The kingdom of God is also a realm of grace.[viii]  To illustrate this point, Jesus told a story about a man who hired several employees to work his fields.  Each was hired for a substantial day’s wage (cf. Mt. 20:1-16). At several different times during the day, the land owner canvassed the community in search of more persons to work his field.  At the end of the day he paid each person the same wage—whether they had worked one hour or all day. Many of the workers complained about the apparent injustice.  A person working one hour should not be paid the same as a person who works twelve.  But this is not how the grace of God functions in human life.  God gives grace to all—and God’s grace is not dependent upon the labor.

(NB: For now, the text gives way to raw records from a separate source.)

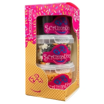 THREE VARIETIES - Matt black 100s and 1000s or non pareills, Halloween shapes (shimmer pumpkins, matt white ghosts and matt black bats) and Matt orange sugar strands. All presented in a pretty gift box HALLOWEEN THEME - Perfect party decorations for adding a touch of spookiness to your cakes. Perfect for all occasions and events. Enhance your monster cakes and bakes MIXED SPRINKES - These carefully selected sprinkles offer a combination of finishes, bringing different colours and textures along a common theme to your creations A GREAT GIFT - Our Scrumptious! Trios are a great gift for bakers! This unique present will delight any baking fan of any age HAND PACKAGED - Our UK-based headquarters meticulously hand-packages each Scrumptious! pot, ensuring that every little tub is carefully selected just for you, Manufacturer: Truly (UK) Ltd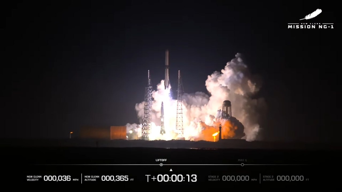 Сегодня в 10:03 по мск с LS-36 стартовала новая тяжёлая ракета — New Glenn. Это была уже вторая попытка запуска (первая была 14 января, закончилась переносом). После 3-ёх холдов (Hold — задержка) 7 двигателей Be-4 оторвали ракету от стартового стола. Первая ступень успешно отделилась, а ещё через 11 секунд два двигателя второй ступени — Be-3U — запустились для выхода на НОО. Далее первая ступень продолжила движение по баллистической траектории (без торможения), до Entry Burn. Для торможения при входе в атмосферу три двигателя успешно запустились. Они проработали 11 вместо 28 секунд. Скорость после RB составил 6.8 км/с К сожалению, по пока неизвестным причинам (теоретически из-за плазмы), связь со ступенью была потеряна. Через некоторое время были замечены горящие обломки, на траектории следования ступени. Blue Origin подтвердили, что ступень взовалась (теоретически из-за проблемы с системой наддува баков). Вторая ступень успешно вывела ПН на запланированную орбиту. Илон Маск поздравил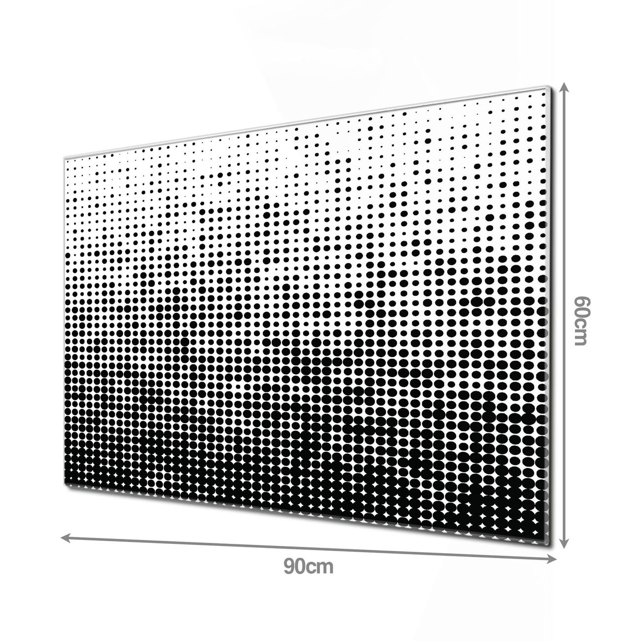 Material: 4mm Sicherheitsglas mit Metallrückwand Eigenschaften: beschreibbar, magnetisch, kratzfest Maße: 90x60x0,6cm, 8,10kg schwer Motiv Nummer 11451 Black or White Zubehör: inklusive 4 Neodym-Magnete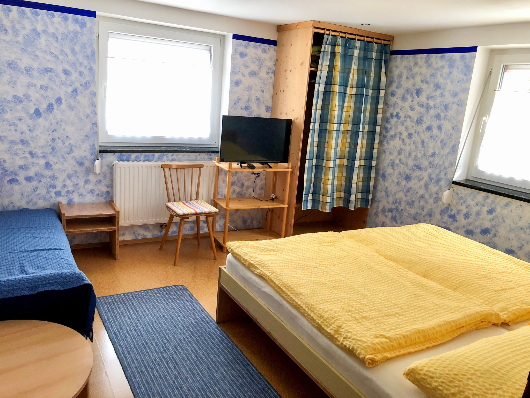 "Faulhaber (PET130)", 3-Zimmer-Wohnung 55 m2, im Erdgeschoss. Zweckmässig eingerichtet: 1 Zimmer mit 1 Diwanbett, 1 Doppelbett und Sat-TV. Ausgang zur Terrasse. 1 Doppelzimmer mit Sat-TV. Kleine Wohnküche (Geschirrspüler, 4 Glaskeramikherd Platten, Toaster, Wasserkocher, Mikrowelle, Tiefkühler, elektrische Kaffeemaschine) mit Esstisch. Dusche/WC. Ölheizung. Kleine Terrasse. Zur Verfügung: Babybett. Internet (Wireless LAN, gratis). Bitte beachten: Nichtraucher-Unterkunft.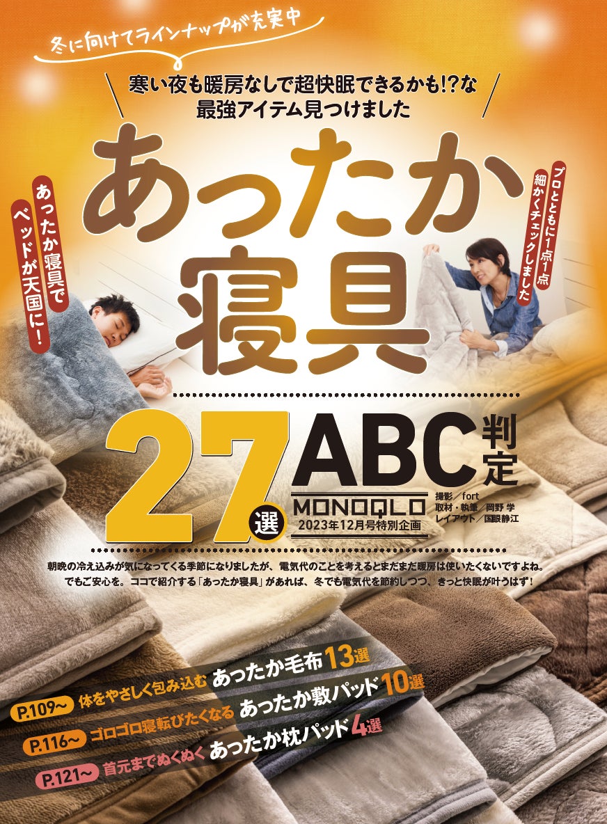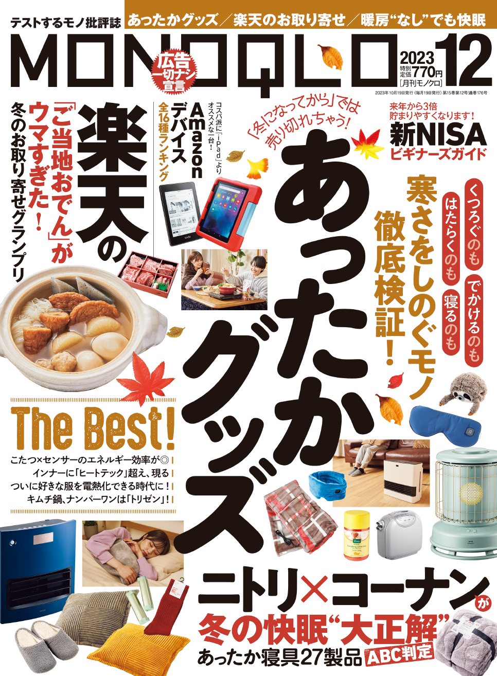 冬の寒さをしのいで節電も叶う! 日用品からガジェットまで“あったかグッズ”を大特集!!【MONOQLO 2023年12月号】

Jesus also taught that God’s kingdom requires “sobriety and alertness,” as illustrated by the parable of the ten virgins waiting for the arrival of their bridegrooms (cf. Mt. 25:1-14).  Five were wise and had enough oil for their lamps.  Five were foolish and had insufficient oil. The unprepared missed their bridegroom.  In like manner, those unprepared for the arrival of the kingdom will miss its blessings.[ix] 

In these stories Jesus offers a description of what the kingdom of God is like.  Mennonite Pastor Paul Lederach summarizes these lessons, saying:

This, then, is Jesus’ view of the kingdom.  It is conflict.  It grows.  It penetrates.  It is worldwide.  It is the forgiving, gracious rule of God.  Where God is present in saving power, where God is acknowledged, where God us obeyed, where God’s will is being done—there is God’s kingdom![x]


One of the primary goals of evangelism is to invite persons to respond to the announcement of the nearness of the kingdom by repenting of their sin and reorienting their lives under the sovereignty of God’s leadership.  We are not simply talking about repentance as it is so often viewed in contemporary society—as sorrow for one’s sin.  The New Testament view is different.  The Greek word translated “repent” in the New Testament is metanoeo.  It means “to think differently or afterwards,”  “to reconsider.”  Entrance into the kingdom—the central goal or purpose of the entire  evangelistic enterprise—requires such repentance.  It requires a change of values, outlook, and allegiance.  

Such a change, however, does not take place overnight.  It is a process—a pilgrimage.  As such, evangelism also has as a primary goal the making of disciples—the making of kingdom citizens or followers of Jesus Christ.  This will be the subject of our next blog post.

[i] Paul M. Lederach, A Third Way:  Conversations about Anabaptist/Mennonite Faith.  (Scottdale, Pennsylvania:  Herald Press, 1980), 27.

[ii] Stanley J. Grenz, Theology for the Community of God, 654.

[iii] Ibid.

[iv] Paul M. Lederach, A Third Way:  Conversations about Anabaptist/Mennonite Faith, 29.

[v] Ibid.

[vi] Ibid., 30.

[vii] Ibid.

[viii] Ibid.

[ix] Ibid.

[x] Ibid., 30-31.

One Response to “Evangelism and the Kingdom of God”

  1. Thanks for the hard work on these articles. They are very uplifting. You give great reasons for seeing conversion as “whole life” decision and change. Not just a one time thing.